The Jersey City, NJ-based startup, which raised $400 million last fall in a funding round valuing the company at $5 billion, has been trying for at least a month to raise $100 million for a valuation of just $1 billion – a haircut that equates to 80% over six months, according to people briefed on the situation.
BlockFi adviser JPMorgan touted the deal as a massive bargain and reached out to potential investors this week who have already said they weren’t interested in participating in the round, a source said.
Still, insiders say investors are increasingly concerned that the firm could soon end up like crypto lender Celsius Network, which this week hired restructuring advisers after freezing all withdrawals, trades and transfers last week. due to market volatility, said a source familiar with the situation.
“That could be next,” the source said, referring to BlockFi.
“BlockFi does not comment on market rumors,” a company spokeswoman told The Post on Friday.
A JPMorgan spokesperson declined to comment.
On Thursday, BlockFi Founder and CEO Zac Prince tweeted, “Over the past five years, BlockFi has been battle tested in all types of market conditions. Throughout this current period of market volatility, BlockFi continues to respond to all withdrawal requests in accordance with our Terms of Service.
Previous BlockFi investors included Bain Capital Ventures, Valar Ventures, Galaxy Digital, Akuna Capital, SoFi, and Coinbase Ventures.
BlockFi confirmed on Thursday that a large customer recently defaulted on a margin loan, Bloomberg reported.
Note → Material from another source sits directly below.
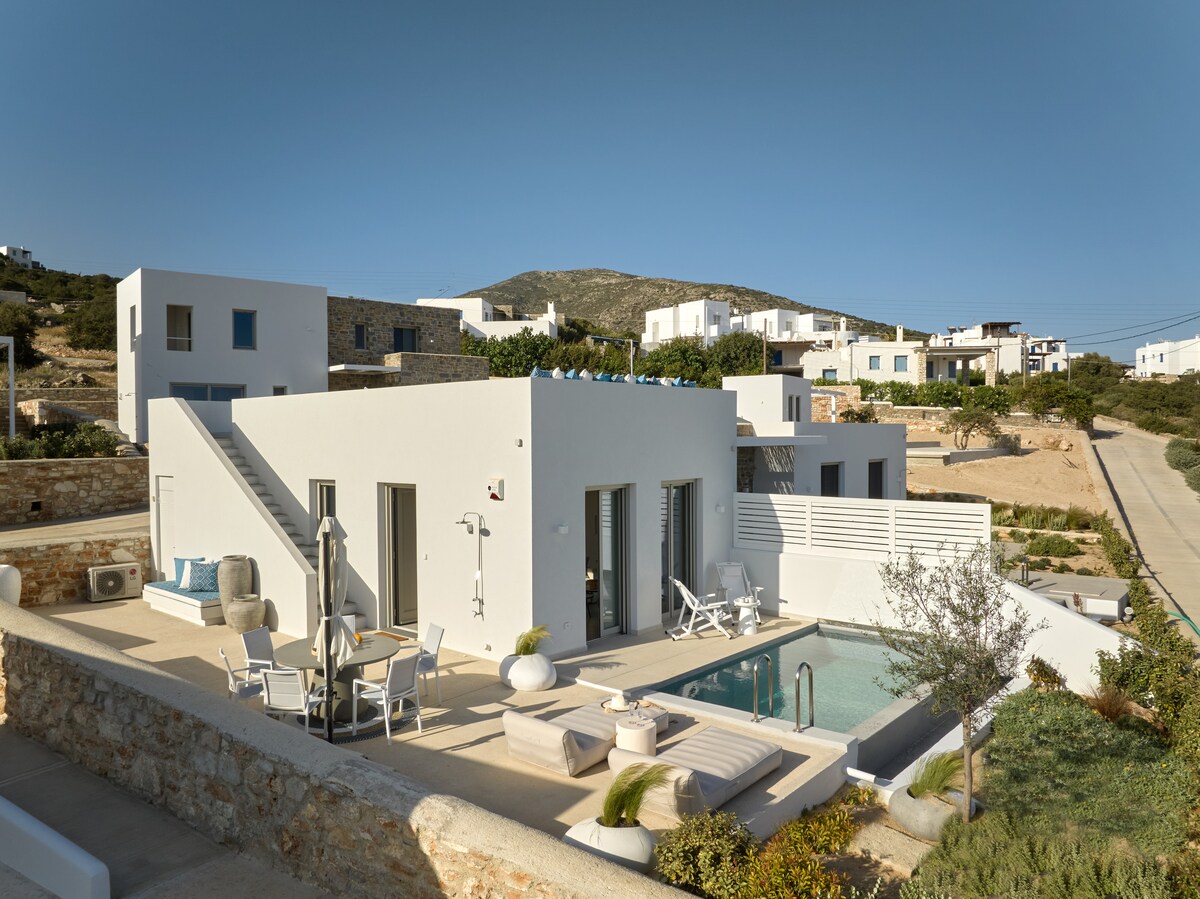 這座最先進的 3 間臥室別墅坐落在風景優美的奧爾科斯山上,配有私人泳池,可欣賞到令人驚豔的海景和令人驚嘆的日落景觀,讓你永生難忘。由於地理位置優越,Naxea Villas 奇妙地結合了愛琴海的寧靜與島嶼山景的清新力量,為家庭、情侶、團體和數位遊牧民族提供神奇的目的地,並提供機會在舒適、奢華和真實的典範中體驗納克索斯。

BlockFi “fully accelerated the loan and fully liquidated or covered all associated collateral,” BlockFi chief executive Zac Prince said on Twitter. “We believe we were one of the first to act with this counterparty.”
Prince did not name the client but earlier the Financial Times reported that BlockFi was among the firms that liquidated at least some of their positions with Three Arrows, a giant Singapore-based hedge fund that focuses on cyrpto which apparently failed to answer margin calls.
On Tuesday, Three Arrows co-founder Zhu Su tweeted that the company had pledged to “fix this” without giving further details.
BlockFi recently cut its workforce by 20% and a spokesperson told Bloomberg that its management team, including founders Prince and Flori Marquez, took a pay cut. Bloomberg earlier reported that BlockFi was looking to raise funds at a reduced valuation of $1 billion, citing unnamed sources.
Dan Loeb’s Third Point was set to become BlockFi’s top round investor last fall, but pulled out because the Securities and Exchange Commission began investigating crypto lending making Loeb nervous, the source said. .
The SEC in February reached a $100 million settlement with BlockFi and 32 states for failing to register offers and sales of its retail crypto lending product, according to a public filing.
BlockFi in the settlement agreed to stop unregistered sales.
The Texas securities regulator said on Thursday it was investigating Celsius’ plan to freeze withdrawals and transfers, according to Reuters, and several other states have also reportedly begun their own investigations.
Crypto news service The Block first reported on the BlockFi fundraising earlier this month.